[ACTIVITY] From the line containing "icon in the" to the last line of the data, both included, transcribe each line exactly, leaving out pictures and adding nothing.

=== DATA BELOW ===

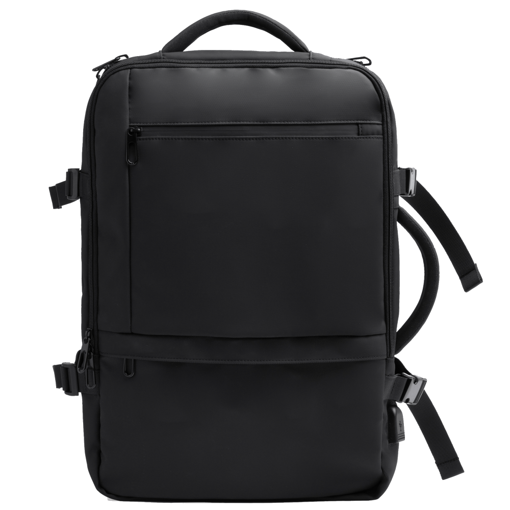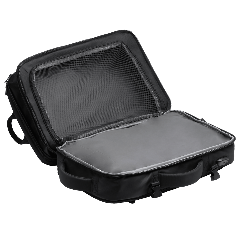 Contiene 3 compartimentos de equipaje, bolsillo exterior frontal, bolsillo antirrobo en la parte trasera y asa izquierda
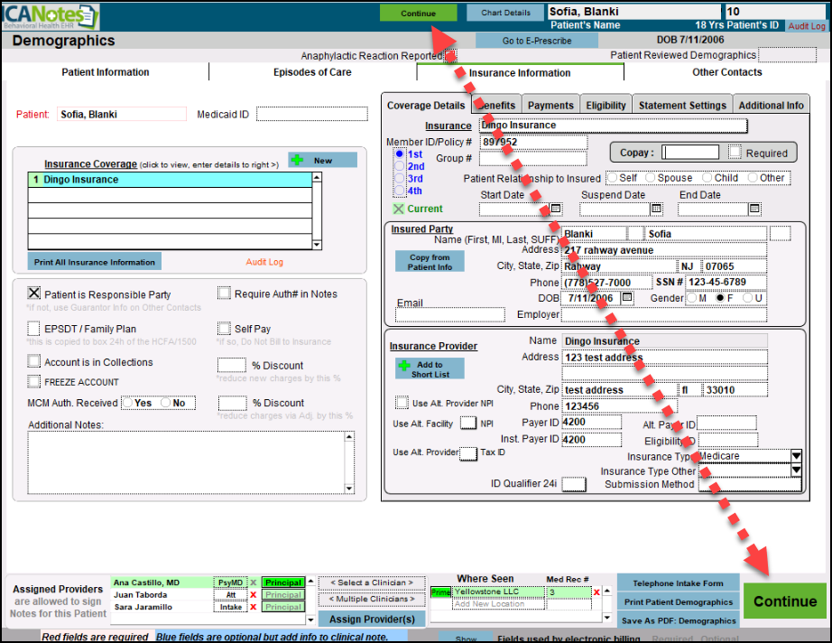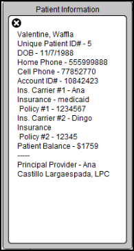 icon in the patient window. From here, I can see the ID number, DOB, phone numbers, insurance carrier, patient balance, and the principal provider. Click the
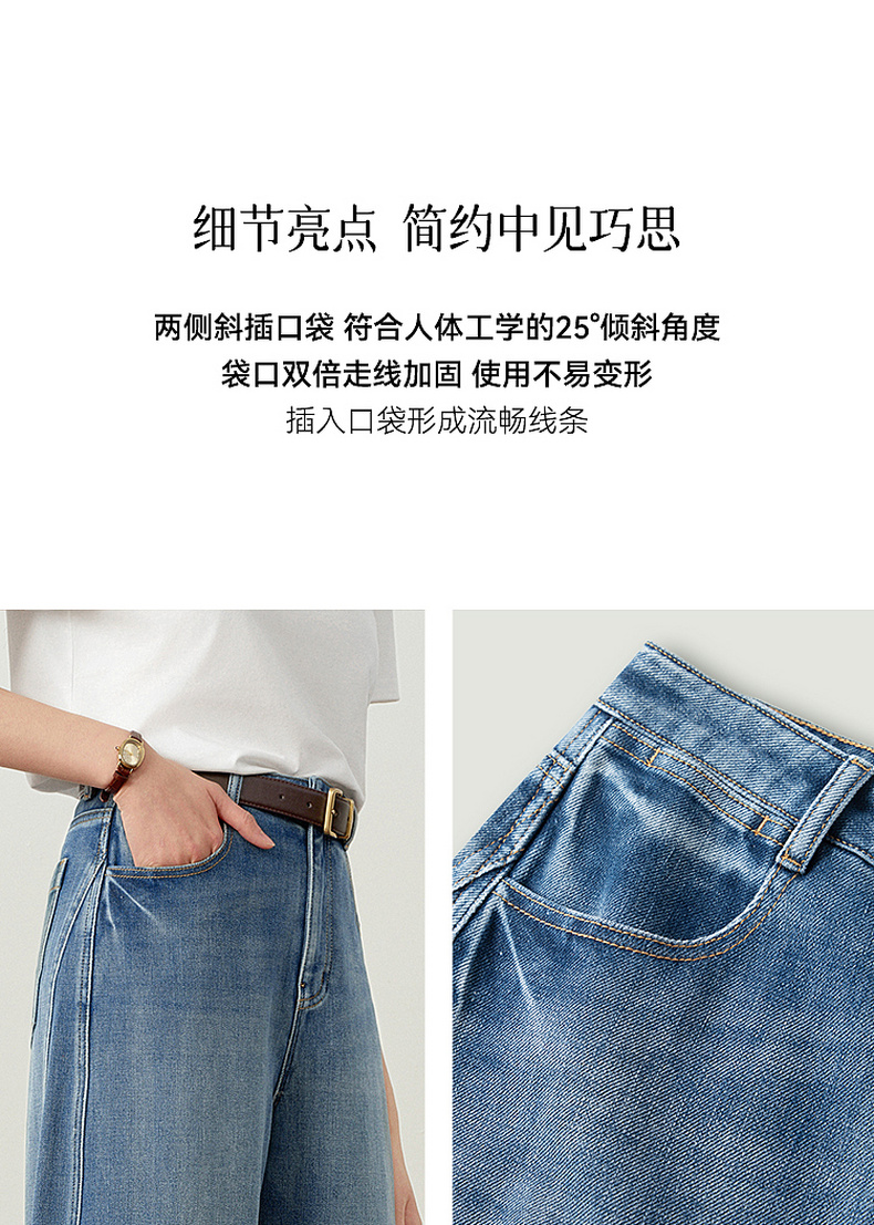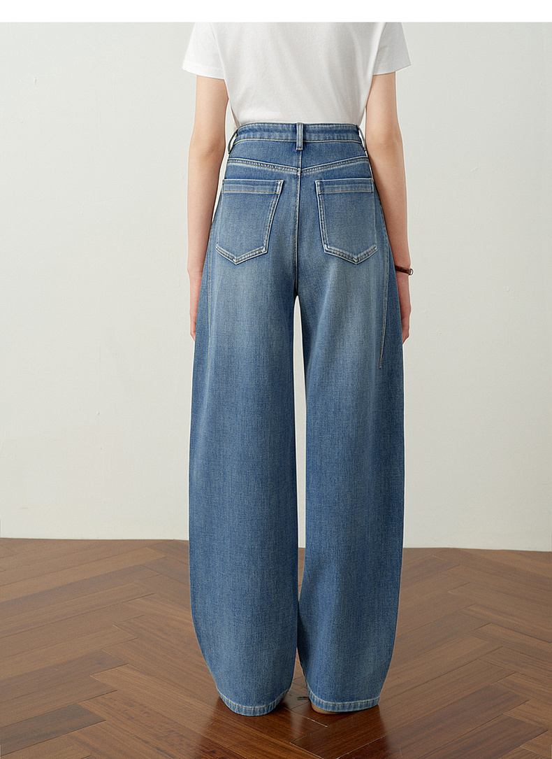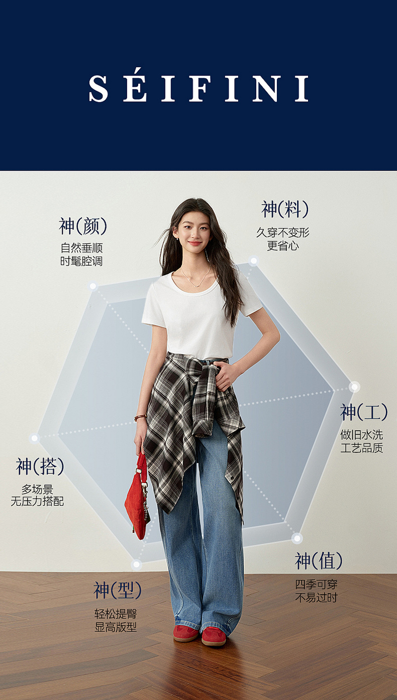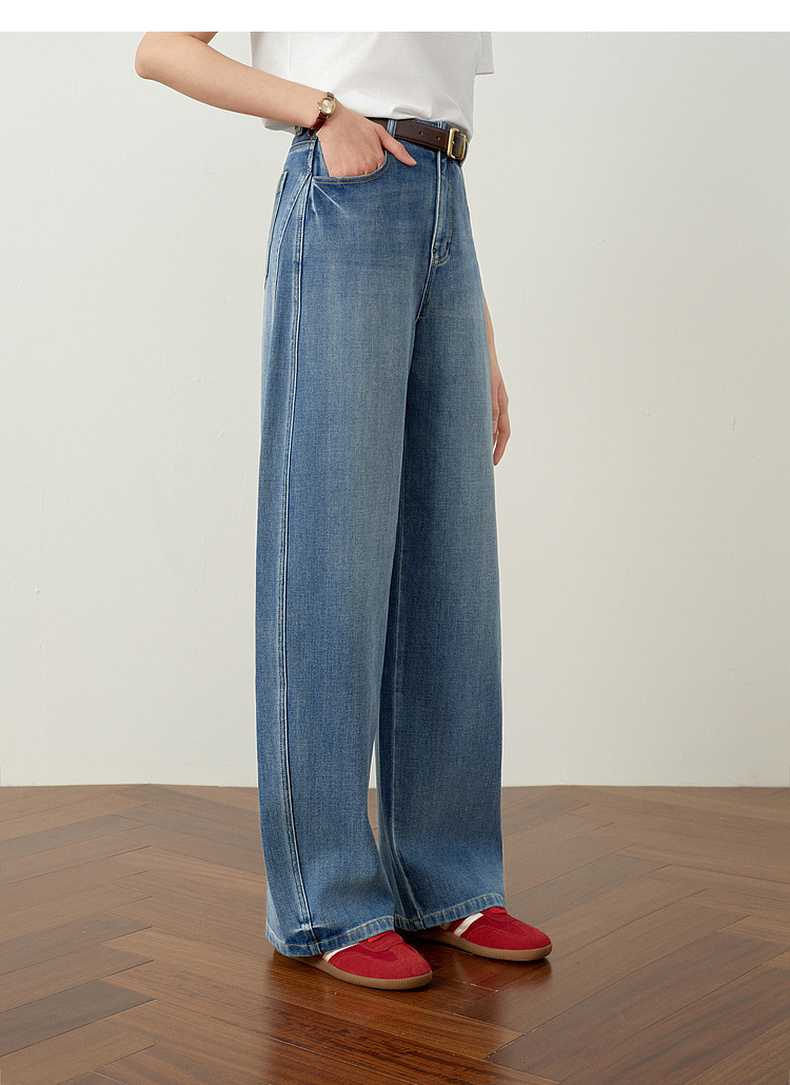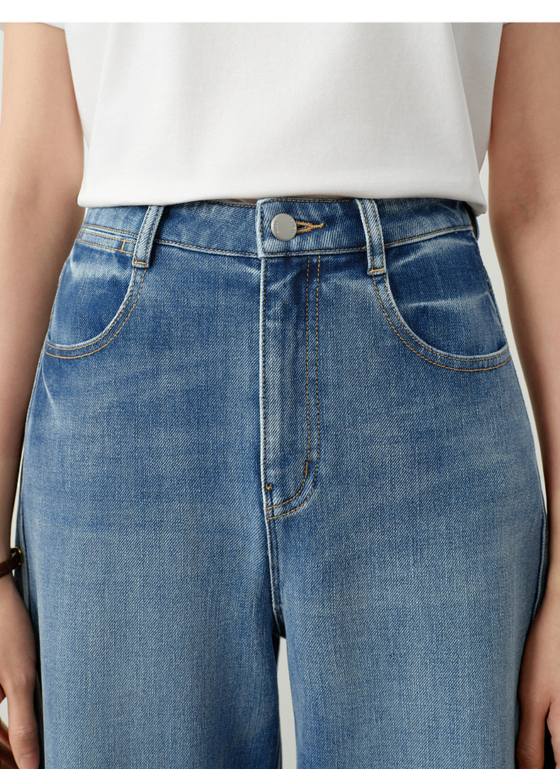 【严选】诗凡黎百搭高街小弯刀牛仔裤2026春新款高腰显瘦休闲弹力阔腿长裤7H1250651

===

[SOLUTION TO THIS EXERCISE]
 icon in the patient window. From here, I can see the ID number, DOB, phone numbers, insurance carrier, patient balance, and the principal provider. Click the
 【严选】诗凡黎百搭高街小弯刀牛仔裤2026春新款高腰显瘦休闲弹力阔腿长裤7H1250651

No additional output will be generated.